If, for some reason, you don't like having two merges, Git does offer something called an octopus merge, that can merge more than two branch tips at once. But there's never any requirement to do an octopus merge, so I'm just mentioning it here for completeness.

What we really should be observing instead is that one of these two merges was unnecessary.

We didn't need one of the merges

We started out with git merge --no-ff branch-A, and we had to use --no-ff to prevent Git from doing what Git calls a fast forward merge. We also noted why: it's because the merge base, commit A in our drawing, was the same commit to which branch-C pointed at the time.

The way we made Git combine the "changes" going from commit A to commit A (all zero of these "changes") with the changes it found going from commit A to commit G was to use --no-ff: OK, Git, I know you can do this as a fast-forward non-merge, but I want a real merge in the end, so pretend you worked hard and make a merge commit. If we left out this option, Git would simply "slide the branch label forward", going against the direction of the internal commit arrows. We would start with:

          B--C--D--E   <-- branch-B
         /
--o--o--A   <-- master, branch-C (HEAD)
         \
          F--G   <-- branch-A

and then Git would do this:

          B--C--D--E   <-- branch-B
         /
--o--o--A   <-- master
         \
          F--G   <-- branch-A, branch-C (HEAD)

Then, when we did the second merge—for which we did not and still do not need --no-ff—Git would find the merge base A, compare A vs G, compare A vs E, combine the changes to make a new tree object, and make a new commit H out of the result:

          B--C--D-----E   <-- branch-B
         /             \
--o--o--A   <-- master  H   <-- branch-C (HEAD)
         \             /
          F-----------G   <-- branch-A

Just as before, none of the other labels move at all (and this time we can draw the name master in by stretching out the graph a bit). We get only the one merge commit H, instead of two merge commits H--I.

Why you might want `--no-ff` anyway

If we make two merges, using git merge --no-ff, the source tree we'll get, when Git combines all our changes, will be the same as the source tree we get if we allow the one fast-forward merge. But the final graph is different.

The commit graph, in Git, is the history. If you want to know what happened in the past, what you have—the thing you can look at—is the commit graph. The graph is made up of all the commits, and the commits store the author and committer names and dates and log messages. They link to the saved source trees, and provide the parent links that make up the graph.
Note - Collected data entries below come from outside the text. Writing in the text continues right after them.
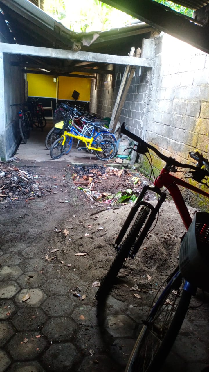 Sampah dengan sepeda di sekolah ini nambaknya sangat berkaitan erat, pasalnya lokasi pembuangan sampah berada ditengah tengah parkiran sepeda, sedangkan semestinya sampah tidak dibakar ditempat. Pembakaran sampah kaan memunculkan banyak persoalan, selain polusi udara baik di kelas maupun dilingkungan sekitar. Sepertinya juga kurang elok ketika tempat sepeda ditengah tengahn...
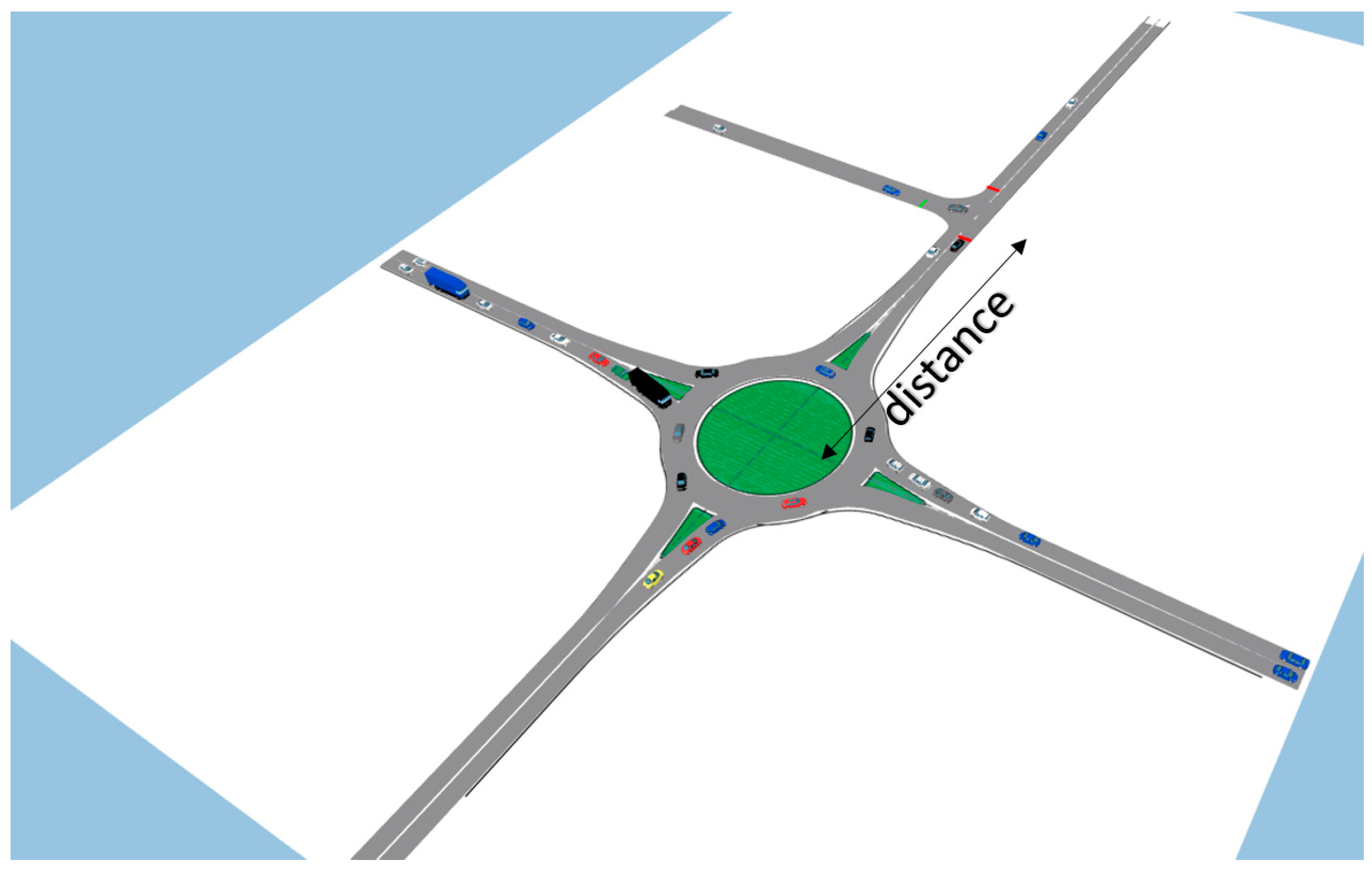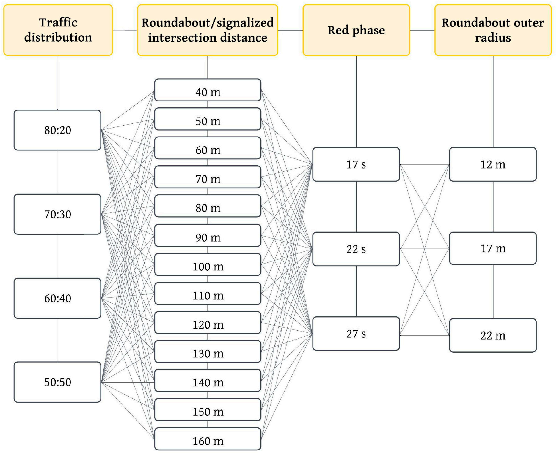 20], a total of ten simulations were conducted for each scenario. This encompassed 12 scenarios of an isolated roundabout and 468 scenarios examining the impact of a signalized intersection on an adjacent roundabout, resulting in a cumulative total of 4800 microsimulations. The duration of the simulation was 24 h and 15 min, which included a 15 min warm-up period during which traffic was loaded into the road network. The remaining time was dedicated to the simulation.
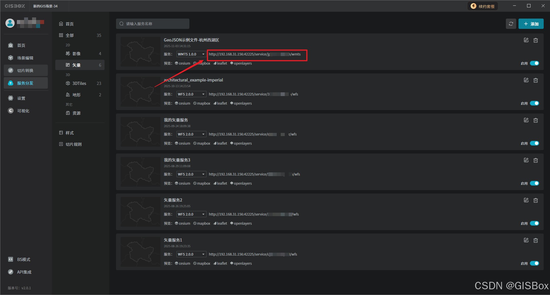 三、使用GISBox一键发布WMTS协议
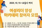 뉴스온경기 | 안성시는 지역사회 발전을 이끌 열정있고 능력있는 여성 지도자를 발굴·육성하기 위해 ‘2025년 안성시 여성리더 양성 아카데미’ 기본과정 교육 참가자를 모집한다. 이번 아카데미는 적극적으로 참여할 수 있는 여성 시민 누구나 신청할 수 있으며, 신청기간은 오는 10월 15일부터 시작된다. 교육은 11월 5일부터 12월 10일까지 6주간 매주 수요일에 안성시여성비전센터 (발화대길 25) 1층 공유오피스에서 진행 될 계획이다. 교육 내용은 ‘나는 당신이 행복했으면 좋겠습니다.’ 라는 주제로 김경희 강사의 행복소통 리더십 강의로 개강식을 열고 2~3주차는 감성을 담아 나를 알리는 SNS 활용법 이론편과 실습편, 4~5주차에는 나만의 비서 만들기 챗봇과 생성형 AI교육 이론편과 실습편을 구성하여 최신 트렌드에 맞춘 리더 역량 강화를 위한 강의들로 구성했으며 6주차에는 퍼실리테이션 기법을 활용하여 지역 내 현안 문제를 파악하고 리더로서 해결 방법을 제시하는 과정을 마지막으로 수료식을 가질 예정이다.

This means that in the future, if you will want to know that you made two merges, you must make two merges now. But if in the future, you don't care how many git merge commands you ran, you can let any number of those git merge steps be fast-forward (non-merge) operations. They leave no trace in the commit graph—they just move one branch name label from one commit to another—so in the future you can't really tell if this ever happened. The graph does not store name motion; it has only the commits.